Choosing the right caliber is probably one of the most debated topics in the firearms field, and there are varied opinions and almost all of them have some merit.  So here is mine.  For the purposes of this article we will only consider the .380acp caliber and higher.  I know that there are plenty of guns chambered in smaller calibers and plenty of people have a valid reason to choose them, but the guns are usually chambered in smaller calibers for very specific purposes and do not relate to this article about choosing a first handgun.  Recent FBI Protocol testing would suggest that if you are using modern defensive ammunition chambered in .380 or higher you should be well armed to meet most threats encountered by your average self-defense shooter.  Going back to when we talked about handgun size and perceived recoil, the same holds true when we talk about caliber.  When comparing two handguns of similar size and weight, the one chambered in the larger caliber will have more felt recoil than one chambered for a smaller, lighter caliber.  In addition, the handgun chambered in the larger caliber will normally have a lower capacity than the one chambered in a smaller caliber.  We can draw several conclusions from these simple facts.

  1. Handguns chambered in larger calibers provide more stopping power than ones chambered in lighter calibers, but are slower shooting due to higher felt recoil, and have a reduced capacity for possible follow up shots.
  2. Handguns chambered in smaller calibers allow for fast multiple shots, provide a higher capacity for those multiple shots, but may not end conflicts as quickly with a single shot.

In my opinion, new shooters need every advantage they can get, which means they should be looking for low recoil, high capacity, easy shooting handguns.  As a shooter trains and improves their skill level, they can look to shooting larger caliber firearms.

Step Six: How Does it Feel?

We’ve talked about the following topics: Use, Budget, New vs.
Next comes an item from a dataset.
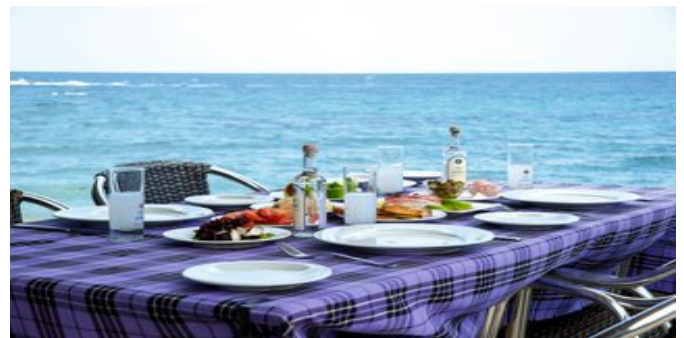
Blick auf das Meer

Used, Size, and Caliber.  All of these are very important considerations, but probably the most important one is Feel.  How does the firearm feel in your hands?  There’s no right or wrong answer to this, and there’s really no advice I can give you to figure this part out.  The best thing to do is to head to your local, well stocked firearms dealer; find a patient salesman.  Put as many guns as possible into your hand and when you find the right one, you’ll just know it.  Try to find a gun that has the controls within easy reach.  You don’t want to have to change your grip on the gun too much in order to reach the safety, the slide stop lever, or the magazine release.  Aside from those considerations, find something that sits comfortably in your hand and provides for a natural point of aim when shooting.

There you have it.  Six basic things to consider when purchasing your first handgun.  I get to see a lot of new shooters coming into the range after having made a quick purchase of a firearm, only to regret that choice shortly after shooting it for the first time.  If you follow these basic steps, you are very likely to wind up with a firearm that you enjoy shooting and will give you many years of service.